**Data**

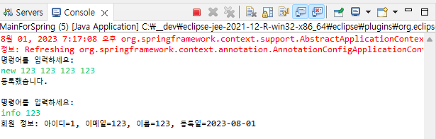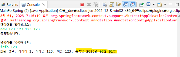 info 출력 시 기본 생성자에서 초기화한 dateTimeFormatter를 사용해서 회원가입 일자 출력
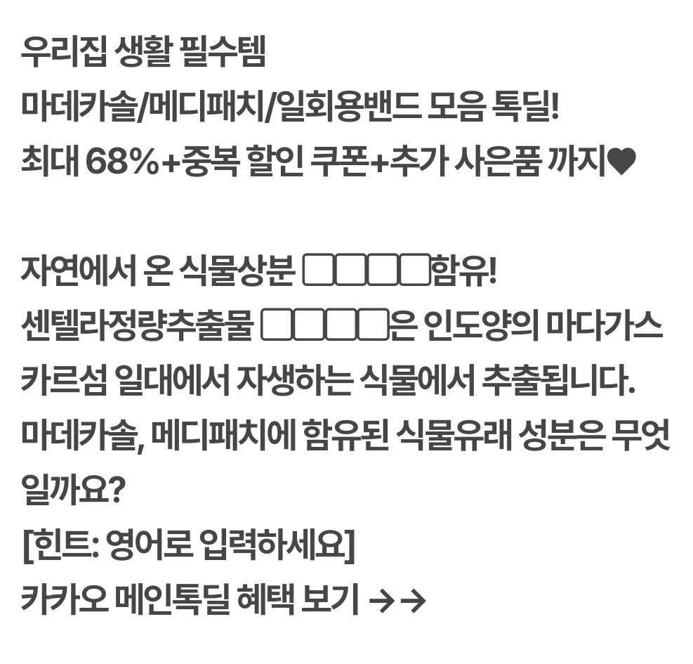 시럽 우리집 생활 필수템 마데카솔/메디패치/일회용밴드 모음 톡딜! 최대 68%+중복 할인 쿠폰+추가 사은품 까지♥ 자연에서 온 식물상분 ▢▢▢▢함유! 센텔라정량추출물 ▢▢▢▢은
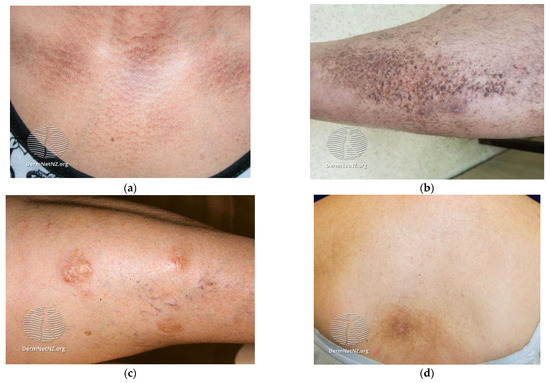 Typical examples of primary localized cutaneous amyloidosis: (a) macular amyloidosis; (b) lichen amyloidosis; (c) nodular amyloidosis; (d) area of notalgia paraesthetica in macular amyloidosis. Available from dermnetnz.org (accessed on 13 February 2023), a free dermatology resource.
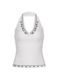The Sanya Embroidered Halter Top is an exquisite blend of retro charm and modern allure, designed for a captivating summer style. This crisp white piece features a chic V-neckline adorned with delicate lace embroidery, adding a touch of romance to its silhouette. The flattering ruched bust detail enhances its figure-hugging fit, while the sophisticated halter design ensures an elegant and alluring presentation. Perfect for sun-drenched days or vibrant evening outings, this top effortlessly elevates any ensemble, pairing beautifully with high-waisted denim shorts for a casual-chic look, or with a flowing maxi skirt for a more bohemian vibe.
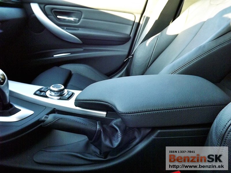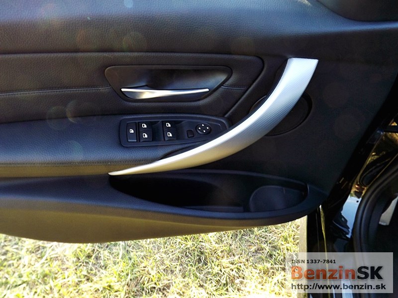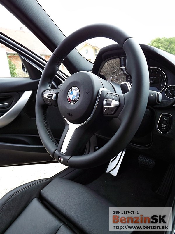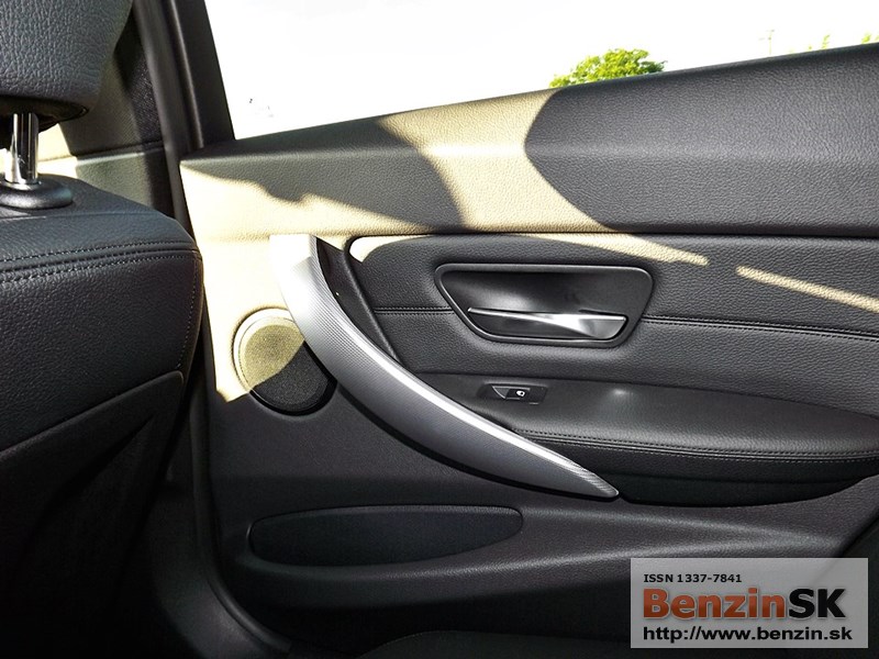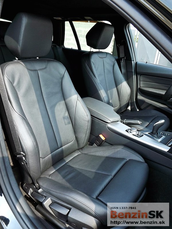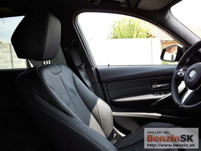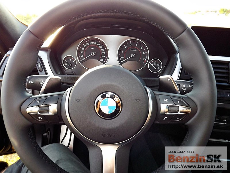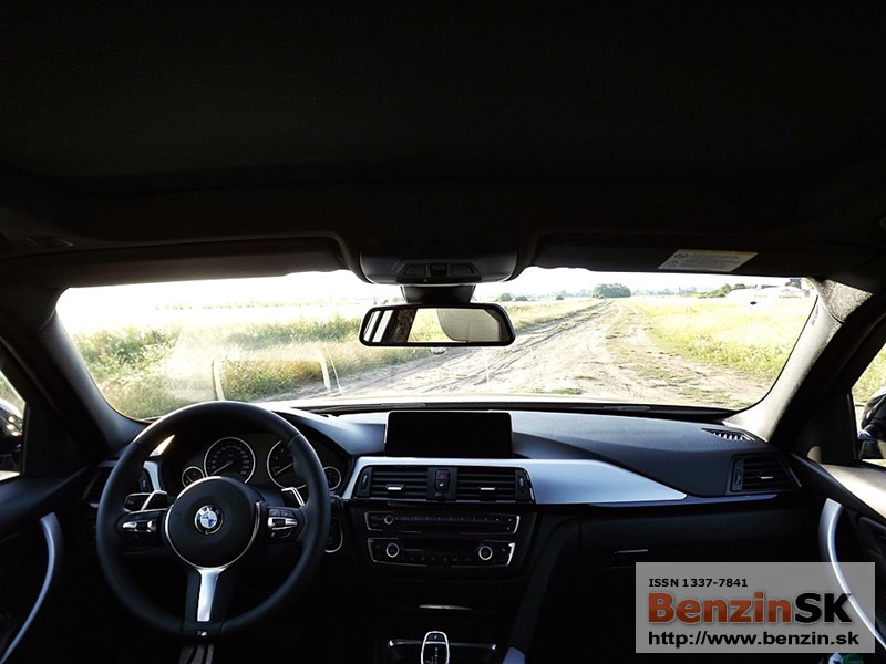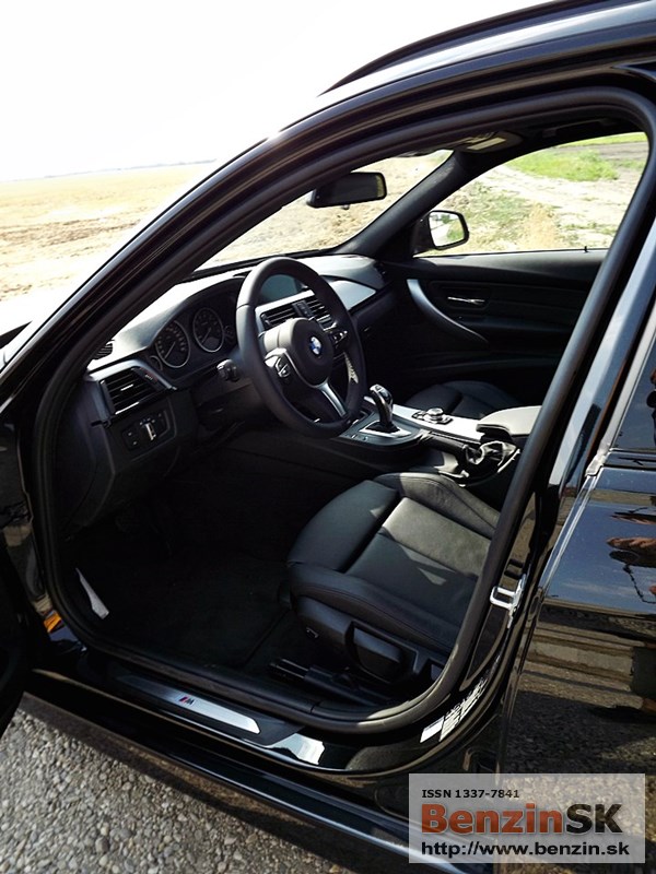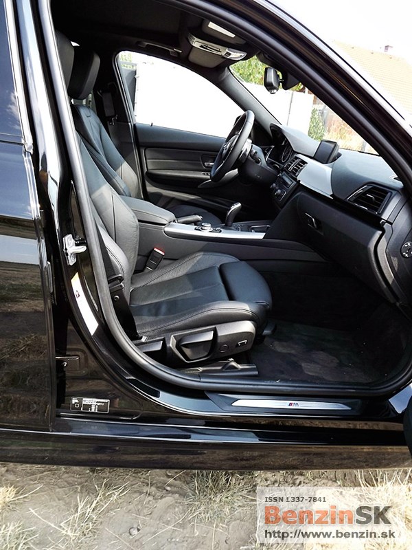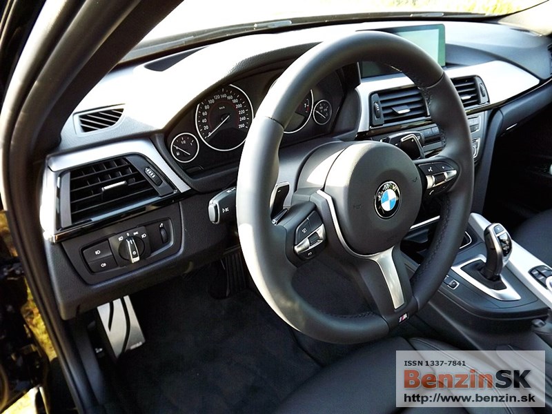 V interiéri má BMW radu 3 M Sport kožený volant s multifunkčným ovládaním, športové sedadlá, kožené čalúnenia. Logo M zdobí aj prahové lišty a odkladaciu plochu pre nohu pri pedáloch. Na volante vľavo je ovládač tempomatu, napravo ovládanie rádia a handsfree.

**Task prompt**
Only the lines from the one containing "Typical examples of" through the final line of the records should be retyped, exactly, with every picture omitted.

**Answer for the task**
 Typical examples of primary localized cutaneous amyloidosis: (a) macular amyloidosis; (b) lichen amyloidosis; (c) nodular amyloidosis; (d) area of notalgia paraesthetica in macular amyloidosis. Available from dermnetnz.org (accessed on 13 February 2023), a free dermatology resource.
The Sanya Embroidered Halter Top is an exquisite blend of retro charm and modern allure, designed for a captivating summer style. This crisp white piece features a chic V-neckline adorned with delicate lace embroidery, adding a touch of romance to its silhouette. The flattering ruched bust detail enhances its figure-hugging fit, while the sophisticated halter design ensures an elegant and alluring presentation. Perfect for sun-drenched days or vibrant evening outings, this top effortlessly elevates any ensemble, pairing beautifully with high-waisted denim shorts for a casual-chic look, or with a flowing maxi skirt for a more bohemian vibe.
 V interiéri má BMW radu 3 M Sport kožený volant s multifunkčným ovládaním, športové sedadlá, kožené čalúnenia. Logo M zdobí aj prahové lišty a odkladaciu plochu pre nohu pri pedáloch. Na volante vľavo je ovládač tempomatu, napravo ovládanie rádia a handsfree.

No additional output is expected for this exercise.